How can machine learning serve patients and enable value-based healthcare?

18 May 2021

Machine learning to identify and characterise metastatic breast cancer patients in Sweden: a population-based study

The application of artificial intelligence (AI) and specifically, machine learning in scientific research has become increasingly prevalent. Its use has become important – from processing large amounts of data, making accurate predictions, and facilitating the research efforts of scientists to help them make discoveries more efficiently. Recently, machine learning was applied as a novel approach to an epidemiological study which holds promise for the future of precision medicine.

In Sweden, a consortium of researchers from Uppsala and Örebro University, PAREXEL International, Nordic Market Access AB, and Novartis Oncology joined forces to use machine learning in a study for metastatic breast cancer (mBC). Since treatment decisions for mBC are increasingly complex and the patient subset is poorly characterised despite the availability of national health registers, it has traditionally been difficult to identify mBC patients’ true prevalence and characteristics at the national level. This is mostly attributed to the lack of variables or missing information on recurrence from early to late disease. This is a barrier to timely identification of the patients that would benefit the most from new, innovative therapies.

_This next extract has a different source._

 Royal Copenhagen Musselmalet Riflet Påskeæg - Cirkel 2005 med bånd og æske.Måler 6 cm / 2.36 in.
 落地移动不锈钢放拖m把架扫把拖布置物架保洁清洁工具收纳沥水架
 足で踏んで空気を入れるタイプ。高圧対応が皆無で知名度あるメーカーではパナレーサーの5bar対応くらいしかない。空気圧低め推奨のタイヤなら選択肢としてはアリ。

In order to address this problem, researchers developed an algorithm trained to identify mBC patients in Swedish national health registers. The aim of this was to estimate the number of mBC patients and to describe their characteristics and survival outcomes. To do so, researchers conducted a retrospective database study on Swedish national data (National Patient Register, Prescribed Drug Register, Cancer Register and the Cause of Death Register) which were linked with metastatic status, outcome and biomarker data from a regional breast cancer register (Uppsala University Hospital) via a unique personal identification number (PIN). These national registers contain complete data on all Swedish residents, and the PIN is used throughout the Swedish system, enabling direct data linkage whilst maintaining anonymised data. Patients included were defined as having a breast cancer diagnosis during 2009-2016.

The results of the study showed that it was possible to describe the epidemiology and survival of the full national Swedish mBC population. Although previous studies have used machine learning for cancer detection and prognostication, this is the first study to apply machine learning algorithms to identify patient subsets in national population health registers. For example, the study found that between 2009 and 2016 there were a total of 150,235 patients alive with a breast cancer diagnosis. Out of this group, 13,826 out of 150,235 patients (9.2%) were identified as having mBC. Median age at mBC diagnosis was 67.5 years and median survival was estimated at 29.8 months. Advanced age by the time of diagnosis and hormone receptor (HR) negative tumors were associated with worse overall survival.

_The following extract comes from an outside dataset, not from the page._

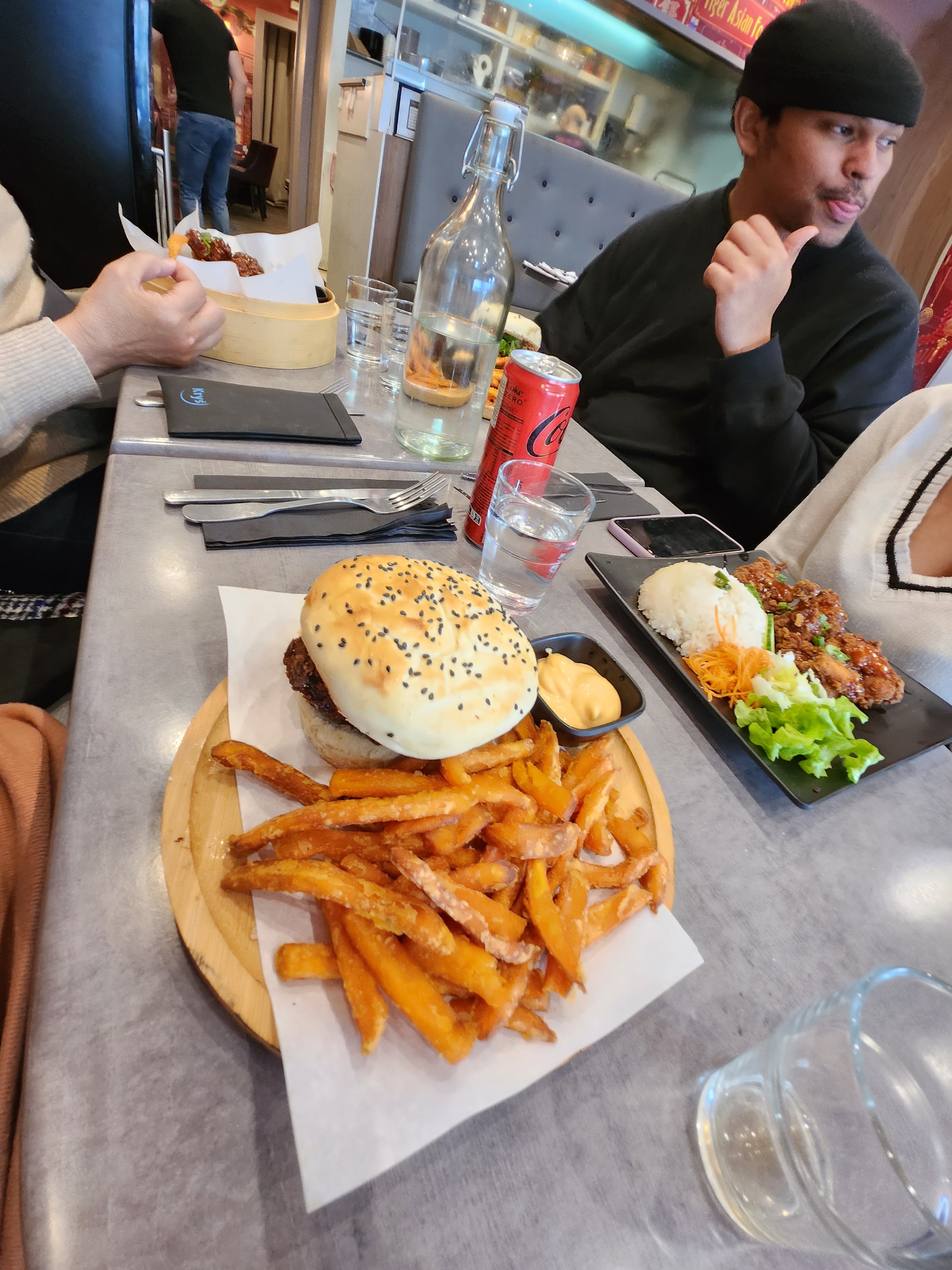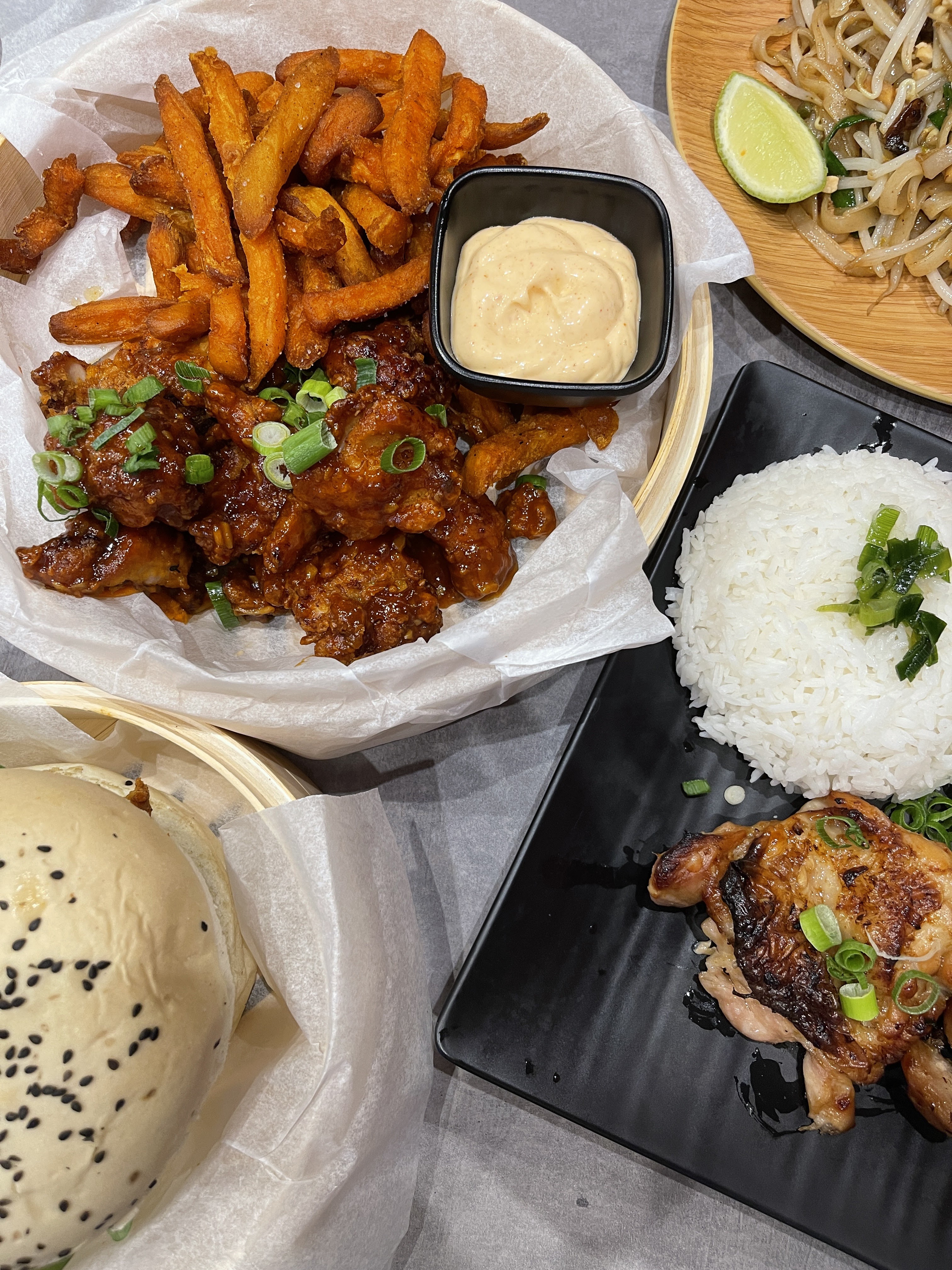 Nous avons commandé avec ma copine chez tiger asian food, un bao burger au poulet frit et un bœuf loc lac. Tout etait très bon. Vraiment très très très bon le Bao, étonnée, mais de façon positive je recommande totalement. Enfin un bon poulet coréen !!!!

This study has provided a pure demonstration of the value of AI and machine learning in various scientific applications, including in making important predictions about mBC populations on a national level. By being able to successfully facilitate and speed up the identification of the correct patient population, it has proven its potential to enable a value-based approach to cancer care. For payers, it enables the quantification of health and societal gains through innovative care for specific patient populations. For healthcare professionals, the healthcare system and authorities, it could facilitate a more accurate projection of care needs as well as efficiency in providing that care.

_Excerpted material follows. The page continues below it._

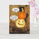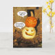 This cute Halloween card shows two smiling pumpkins stacked on top of each other. The orange pumpkin is on top of the yellow one and nearly falling off. The orange pumpkin says, "I'm gonna FALL!!" The yellow pumpkin responds, "Don't complain. Just smile for the stupid picture!" The message inside this card is easy to customize with your personal Halloween wishes, or you can leave the message as shown. The message shown inside says, "Wishing you a lot of fun and big smiles this Halloween!"
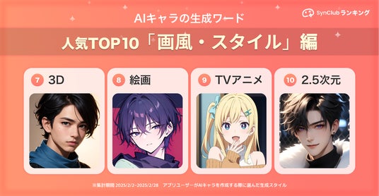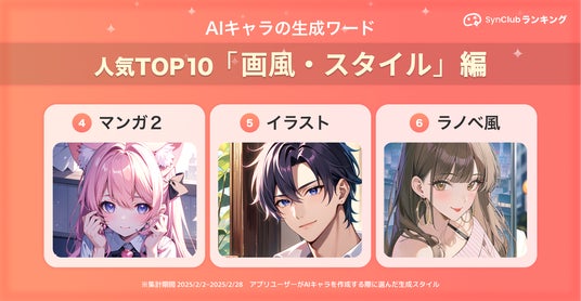 HiClub株式会社(本社:東京都港区、代表取締役社長:古谷由宇)が提供する、 AIチャット&友達作りができる対話型AIアプリ 「SynClub」(シンクラブ)(iOS、Android版)は、アプリ内でユーザーがAIキャラクターを作成する際に設定した画風・スタイルの人気ランキングを発表しました。SynClubのユーザーが生成したキャラ数を元にランキングを出し、キャラ生成数が多かったことにより、以下の画風スタイルが人気で支持されていることがわかりました。

In a value-based health care system there is a win-win for both patients and the health care system. Firstly, the quality of life of patients is improved through being able to access the right treatment, and secondly, the health care system can ensure an efficient use of resources by providing the right treatments to patients. This study shows how machine learning can facilitate a value-based approach to cancer care, and the importance of access to linkable health data as well as collaboration between different public and private stakeholders to make this a reality.

Jelena Duza

Global Public Affairs, Novartis


  • Limitations to this case study relate to the type of data collected. As this was a retrospective registry study, the data utilised were not specifically collected for the purposes of the study and limited to the variables collected in the registries.
  • An unselected breast cancer cohort of this size is rare in Europe. Future research should focus on further validating the model and on developing its classification ability by incorporating important prognostic factors.